--- The data Enclosed Below ---
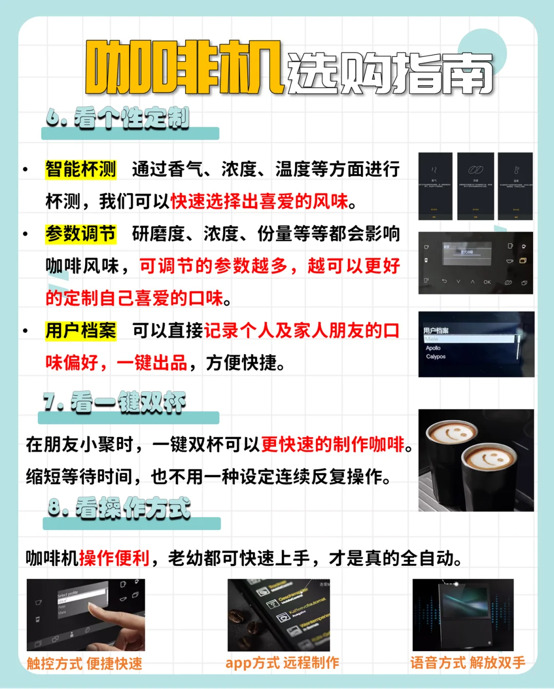 🔸全自动咖啡机:一键出杯,方便智能,适合时间不充裕的上班族、家庭和小型办公室用
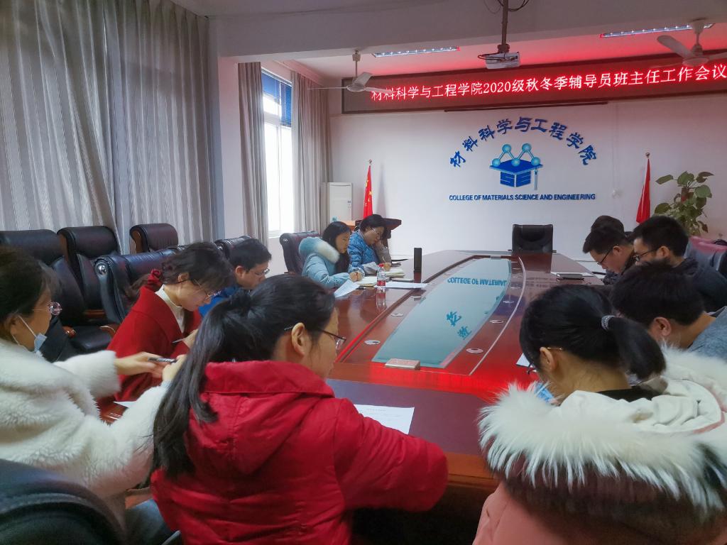 为认真贯彻落实上级和学校关于做好近期学生安全稳定工作的会议精神,同时为加强班主任队伍建设,充分发挥班主任对班级的指导作用,2021年1月6日—8日,材料学院分年级召开期末班主任工作座谈会,会议由各年级辅导员主持,学院党委副书记、各年级班主任参加会议。
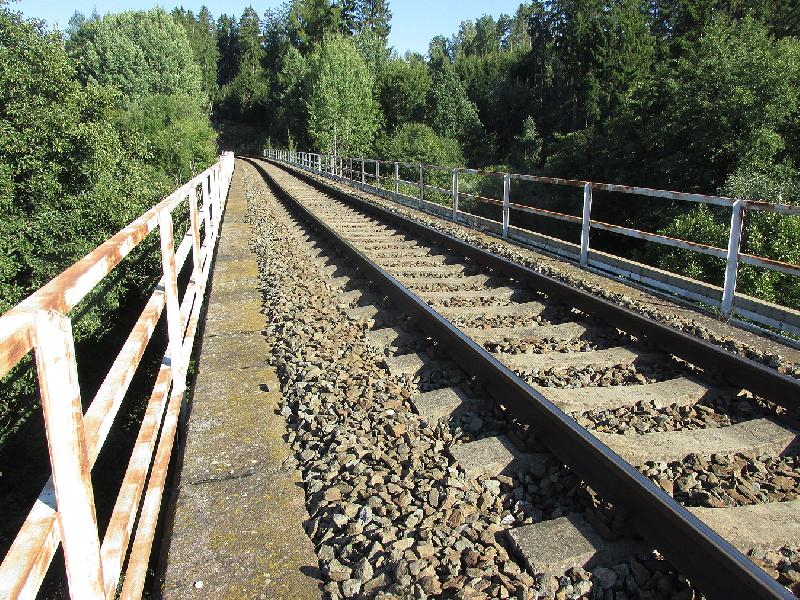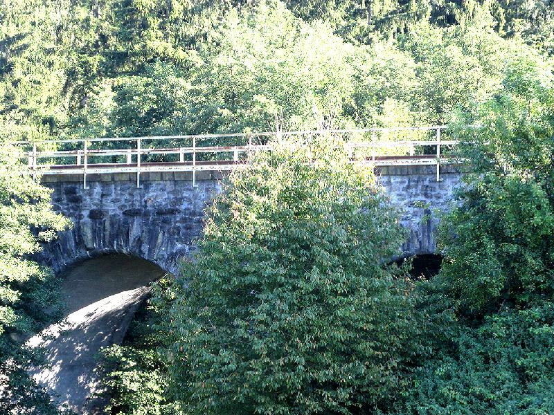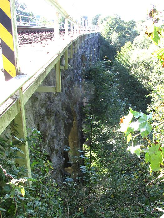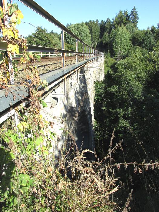 Kamenný železniční viadukt u Pořínského nádraží v okrese Tábor.
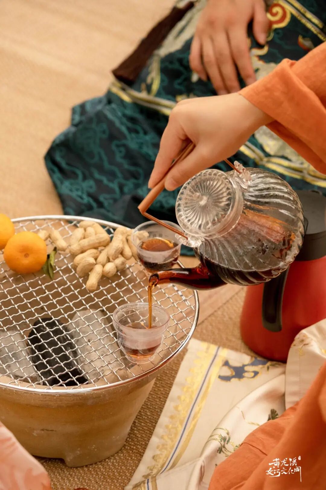 在溪畔道场举行的品茶会中,身着汉服的游人通过品茶了解中华民族的茶文化,在茶香中怡然自得。还有香水调制体验、瓷器修补文化分享、宴饮游戏、太极体验等活动再现中式古典生活美学。
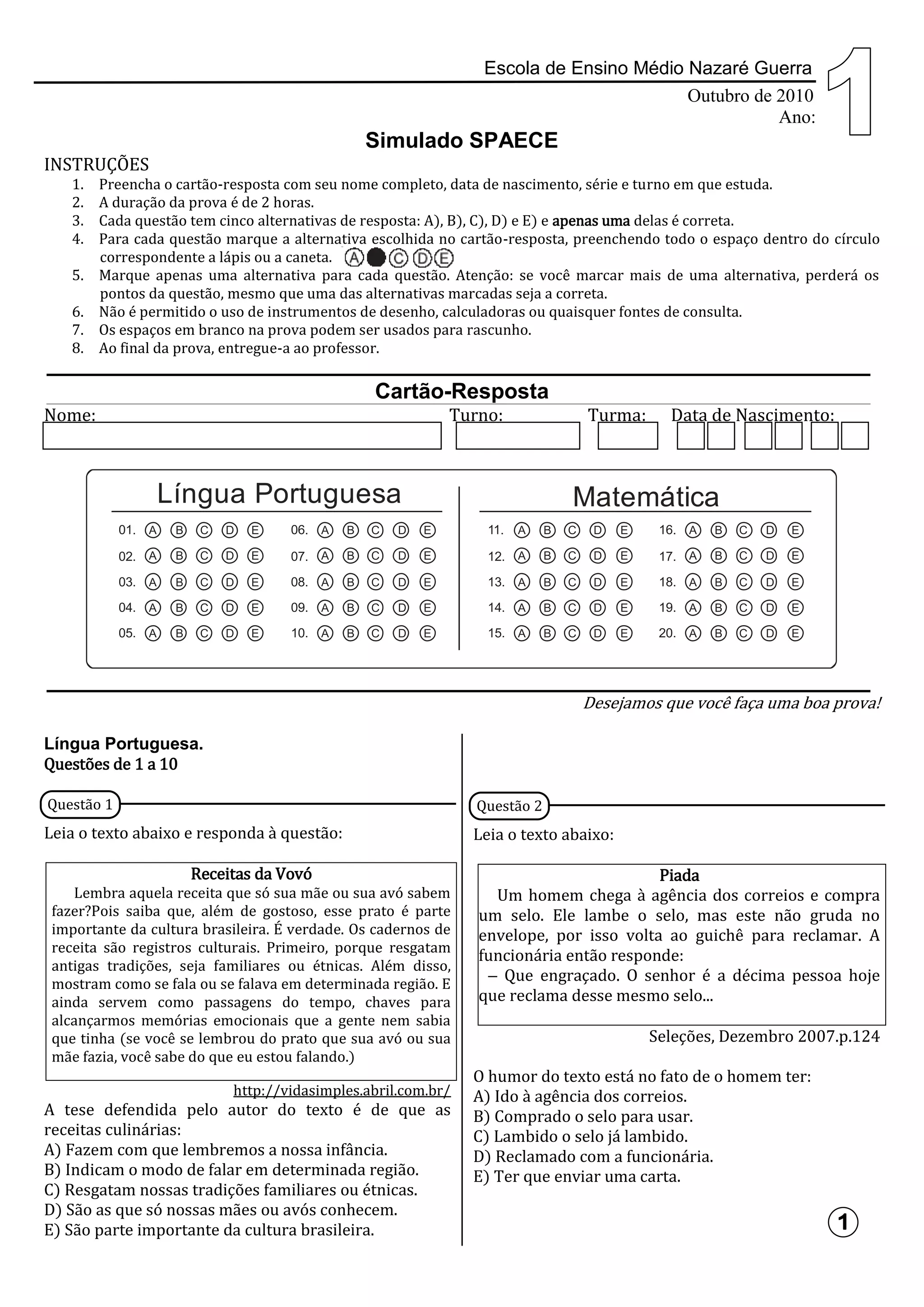 1) O documento fornece instruções sobre um simulado de português e matemática, incluindo como preencher o cartão de respostas e as regras da prova.
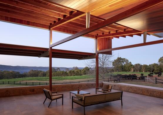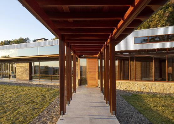A colonnade forms a grand link between private and public elements of the home, using the same exposed ironbark structural system as the dwelling that greets the occupants either side.
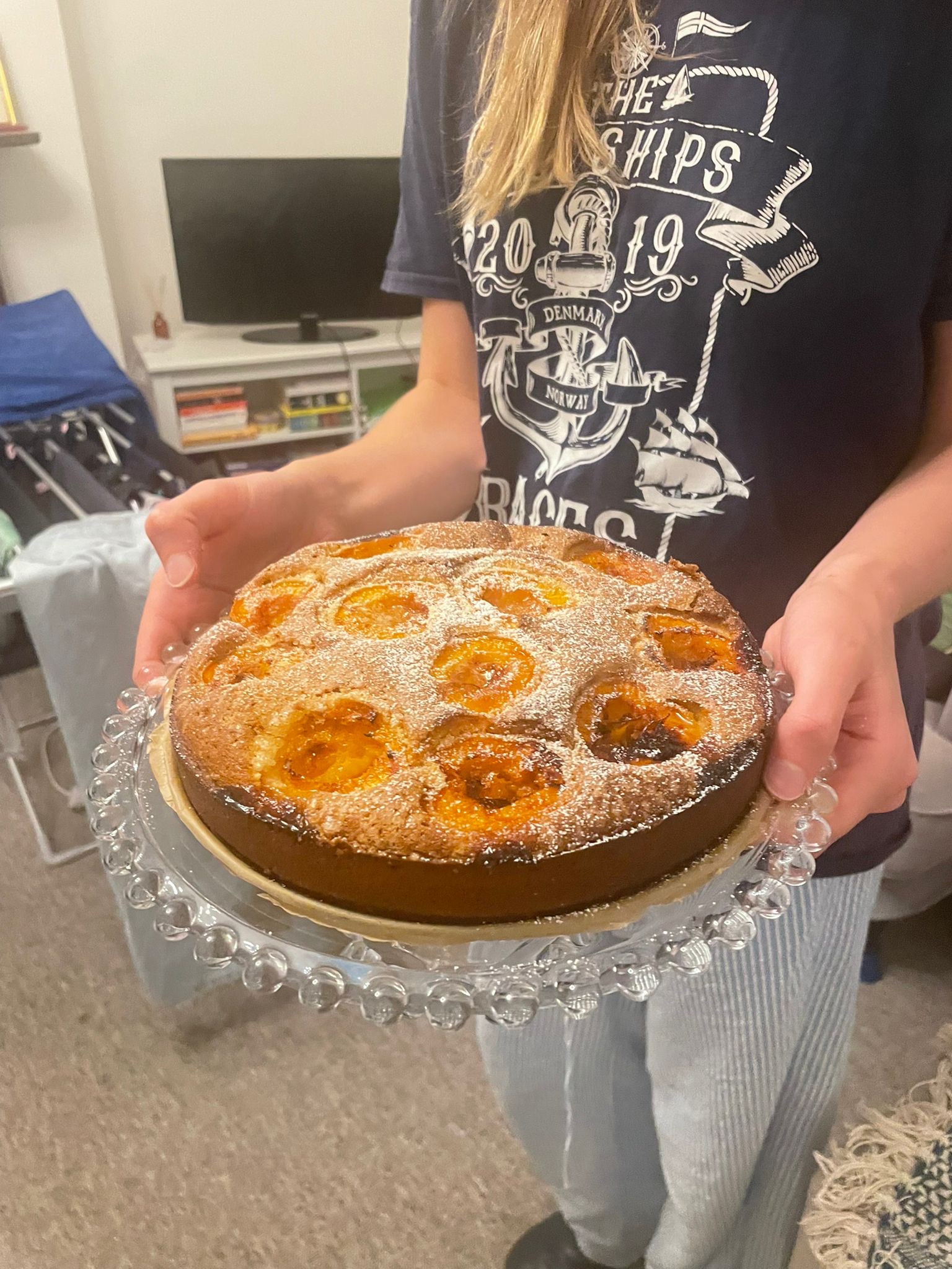 A classic German 'Versunkener Aprikosenkuchen' (sunken apricot cake) featuring a moist, buttery sponge base topped with fresh, tart apricot halves. As noted in your context, the contrast between the sweet cake batter and the sour fruit is the highlight of this dish. The apricots are placed cut-side up to hold their juices, baking into jammy pockets of flavor. Finished with a dusting of powdered sugar.
--- End of Enclosed The data ---
→ Directions: The stretch to restate runs from the line above containing "在溪畔道场举行的品茶会中,身" through the line containing "1) O documento". Copy it word for word, ends included, without pictures.

→ Output of the task:
 在溪畔道场举行的品茶会中,身着汉服的游人通过品茶了解中华民族的茶文化,在茶香中怡然自得。还有香水调制体验、瓷器修补文化分享、宴饮游戏、太极体验等活动再现中式古典生活美学。
 1) O documento fornece instruções sobre um simulado de português e matemática, incluindo como preencher o cartão de respostas e as regras da prova.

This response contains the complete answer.